Fig. 71.—Alt-azimuth with Full Slow Motions.

It can also be set longitudinally for balance in the cradle if any attachments are to be placed upon either end. Here the adjustment for the height of the instrument is provided both in the spread of the tripod and in the adjustable legs. So mounted a telescope of 3 or 4 inches aperture is easily handled and capable of rendering very good service either for terrestrial or celestial work.

Indeed the Clarks have made instruments up to 6 inches aperture, mounted for special service in this simple manner. For celestial use where fairly high powers may be required this or any similar mount can be readily furnished with slow motions either in azimuth or altitude or both.

Figure 71 shows a 4¼ inch telescope and mount by Zeiss thus equipped. Some alt-azimuth mounts are also provided with a vertical rack motion to bring the telescope to a convenient height without disturbing the tripod. A good alt-azimuth mount such as is shown in Figs. 70 and 71 is by no means to be despised for use with telescopes of 3 or 4 inch aperture.

The sole inconvenience to be considered is that of the two motions required in following. With well fitted slow motions this is not really serious for ordinary observing with moderate powers, for one can work very comfortably up to powers of 150 or 200 diameters keeping the object easily in view; but with the higher powers in which the field is very small, only a few minutes of arc, the double motion becomes rather a nuisance and it is extremely inconvenient even with low powers in sweeping for an object the place of which is not exactly known.

There are in fact two distinct kinds of following necessary in astronomical observations.

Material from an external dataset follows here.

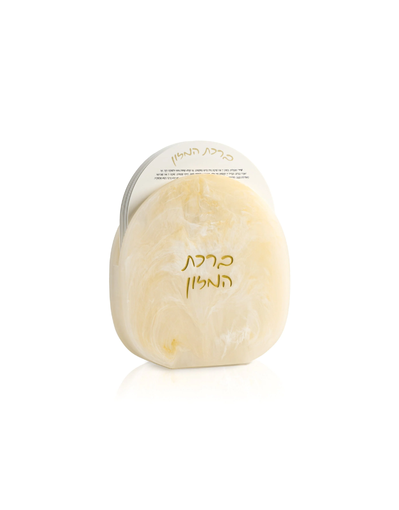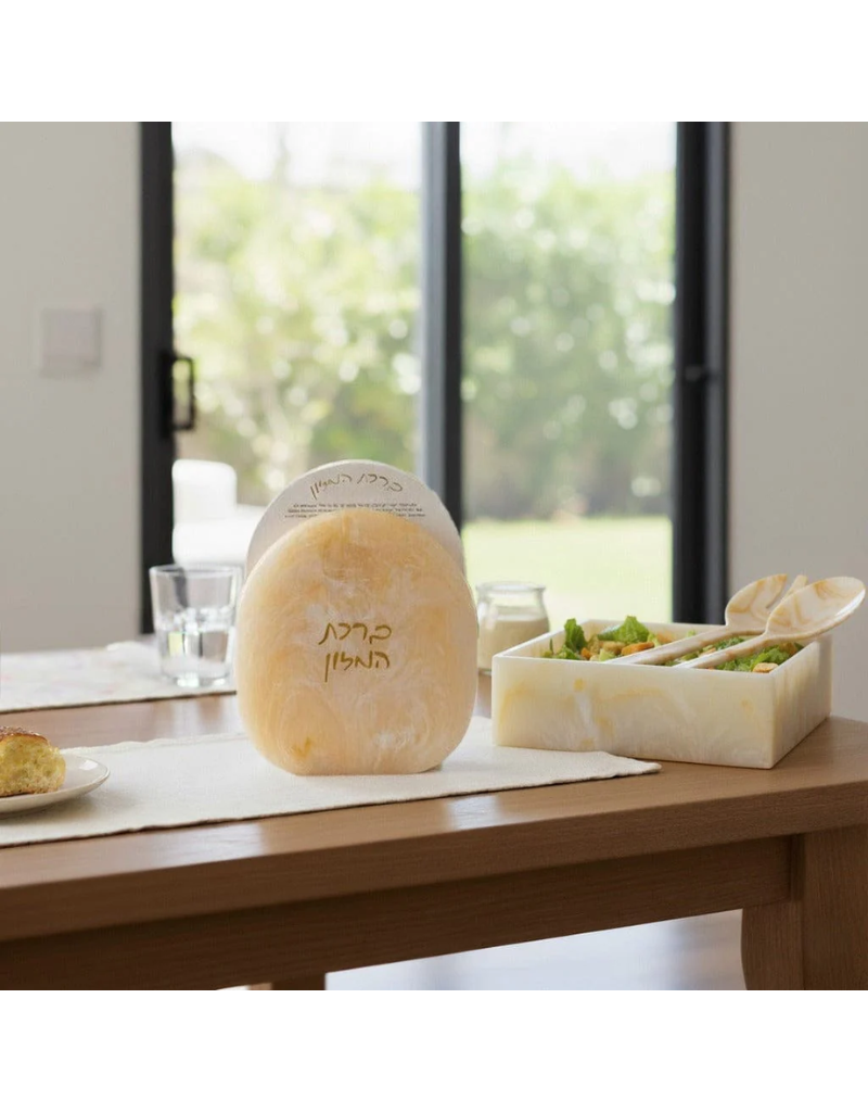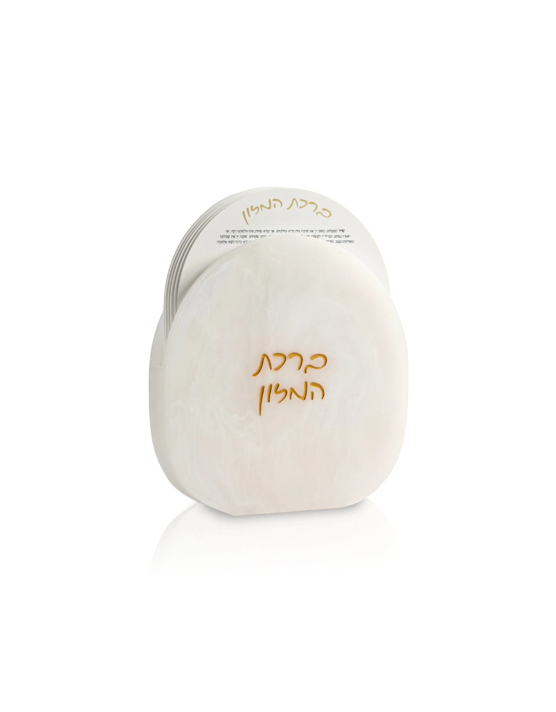 Elevate your table with our modern Resin Bencher Set, featuring Birchat Hamazon lettering on the front and White acrylic cards with Birchat Hamazon (ברכת המזון). Handcrafted with durable resin, this sleek oval set combines functionality with contemporary elegance. Easy to read, simple to clean, and perfect for both everyday use and special occasions, it’s a must-have for stylish home décor and elegant entertaining.

First, the mere keeping of the object somewhere in the field, and second, holding it somewhat rigorously in position, as in making close observations of detail or micrometrical measurements. When this finer following is necessary the sooner one gets away from alt-azimuth mounts the better.

Still another form of alt-azimuth mount is shown in Fig. 72 applied for a Newtonian reflector of 6 or 8 inches aperture. Here the overhung fork carrying the tube on trunnions is supported on a stout fixed tripod, to which it is pivoted at the front, and it is provided at the rear with a firm bearing on a sector borne by the tripod.

At the front a rod with sliding coarse, and screw fine, adjustment provides the necessary motion in altitude. The whole fork is swung about its pivot over the sector bearing by a cross screw turned by a rod with a universal joint.